All in all very happy that OpenAI is publishing their models. If Stable Diffusion is any guide, people will hack some crazy things with this.

[1] https://github.com/openai/whisper [2] https://www.youtube.com/watch?v=OFLt-KL0K7Y [3] https://github.com/openai/whisper/blob/main/LICENSE

5 comments

It also runs well on a CPU and seems to have proper memory management. Wonderful timing because I was using DeepSpeech for some audio recordings and it required me to script up a splitter to make the files into .wav and then do snippets of 10 seconds each. Everything about this just works out of the box. On a core i5 I'm getting about 30 seconds every minute. Transcriptionist jobs just turned into editor jobs. I love how it drops the inflections in the audio as well, because it was trained on transcription work, and that is one of the first things you learn to do (drop the uhs and ums and huhs etc, unless it is a strictly verbose transcription).
> dans son ensemble

> in sound together

That's hilarious and honestly, incredibly bad. "Dans son ensemble" is a very common idiom (meaning "as a whole") while "in sound together" has to be pretty rare. "Son" means "his/hers/its" as well as "sound", and the former meaning is probably more common in general so I have no idea how this result could arise.

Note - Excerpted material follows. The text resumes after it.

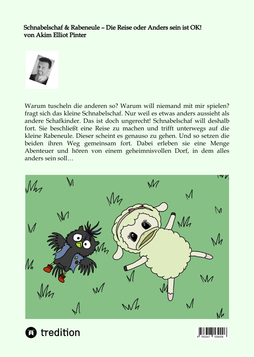 Akim Elliot Pinter, Jahrgang 1965 ist vielseitig. Im ersten Leben war er Führungskraft in einem internationalen Unternehmen der Nahrungsmittelbranche. Im zweiten Leben war er Trainer und Coach im Bereich Vertrieb und Persönlichkeitsentwicklung. Mit 50 folgte er seinem Herzen und hat ein Studium zum Toningenieur absolviert. Seitdem hat er zahlreiche englischsprachigen und deutsche Lieder getextet, komponiert und produziert. Er schrieb zunächst für seine eigenen Kinder das Kindermusical „Ami, die kleine Ameise“, dass er später als Kinderbuch und Hörbuch veröffentlichte. Darauf folgte das Kinderhörbuch „Schnabelschaf und Rabeneule – Die Reise oder Anders sein ist ok!“ Sein neuestes Werk „7 Schritte zur Rettung der Welt – Ein Brief an Dich“ ist für die Zukunft unserer Kinder geschrieben und fordert die Erwachsenen auf, sich den echten Ursachen des Klimawandels zu stellen. Er ist heute freier Autor und Musikproduzent. Er lebt auf dem einmaligen Planeten Erde.

"Termo" also doesn't exist in French, it's "thermo", so the transcript even makes orthographic errors.

And I forgot about "couplisser" which is also a hilarious made-up word that sounds like it could mean something, but doesn't! Edit Google finds exactly one reference of this, in a patent with a typo on the word "coulisser".

I'm still impressed by the transcript quality since it covers many languages, but the translation part is quite poor.

Was this with the `base` model? `large` is running ok on a P100 in colab, but is about 4% the speed of `base.en`. Certainly seems like some of these models will be fast enough for real-time.
Is it translation or transcription? Or both?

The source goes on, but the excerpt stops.